As belief in moral absolutes disappeared at the end of the 19th century, what some have called a culture of character was replaced by a culture of personality and a new view of what it means to be a person came into being. In the culture of character people understood themselves as essentially moral beings and, as David Wells explains in Losing Our Virtue: Why the Church Must Recover Its Moral Vision, the growth of the person was understood in terms of “virtue to be learned and practiced and private desires to be denied.” Character formation through training in virtues was a central goal of education. Virtues were seen as moral absolutes to which people were meant to conform. The culture of personality has overturned this understanding of who we are. No longer is the focus on moral virtues to be cultivated; the focus is now on
one’s image which can be fashioned. Life becomes a performance, a self-created narrative, in which people seek to look good and make themselves appealing to others. In the culture of personality there is no fixed or objective view of what a person is meant to be beyond what one makes of himself. We write our own stories and model ourselves after celebrities who have successfully created appealing images. Ken Myers in analyzing this phenomenon says: “The culture of celebrity and personal performance which permeates our society is profoundly destructive. It’s not just that being well-known for simply being well-known (in Daniel Boorstin’s classic formulation) is a thin and vapid achievement.

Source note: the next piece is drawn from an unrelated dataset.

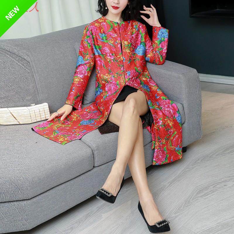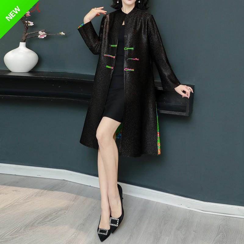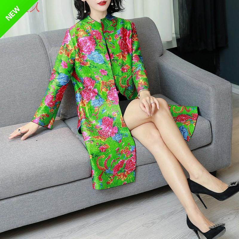 中老年女士春装新款真丝褶皱两面穿风衣大码婚礼妈妈装民族风外套

More fundamentally disordering is the way in which the deeply sensed notion of ‘identity as performance’ promoted in the culture of celebrity undercuts the very idea of reality or real life; more than the work of nihilistic philosophers, the prominence of performers in our society nudges us toward referring to ‘reality’…rather than to Reality…In a culture of celebrity and performance the existence of reality becomes dubious and persons aspire to be desirable commodities.”

This, of course, is not surprising when people insist on creating their own reality. What has been lost is the Reality that we are all players in a narrative which we did not write for ourselves. We are created beings and the Creator is the Author of our story, a story which began with the Creation of the world, a story in which we each have a unique part to play. This understanding gives meaning and purpose to our choices and individual actions. It can motivate us and our children to persevere through hardship for the sake of a higher good. And best of all, the Author has already told us how the story ends; we know it has a wildly happy ending.

Children need stories; stories are not frills to be fit in somewhere after the grammar, math, history, and science are attended to. Good stories are food for their souls. Be careful not to kill and dissect the stories; C. S. Lewis warns us against efforts to teach children to appreciate good literature. That’s not our job; they need to discover a love for stories on their own. Create an environment that encourages reading stories; read to them; show them how much you love to read and help them become lovers of stories. And most important, be sure they know the Great Story of which they are a part. Help them come to understand that they have an important role, just as David, Esther, and Daniel did, in an adventure story in which virtuous actions matter.

As Bilbo says to Frodo near the beginning of The Lord of the Rings: “Do adventures ever have an end? I suppose not. Someone else always has to carry the story.”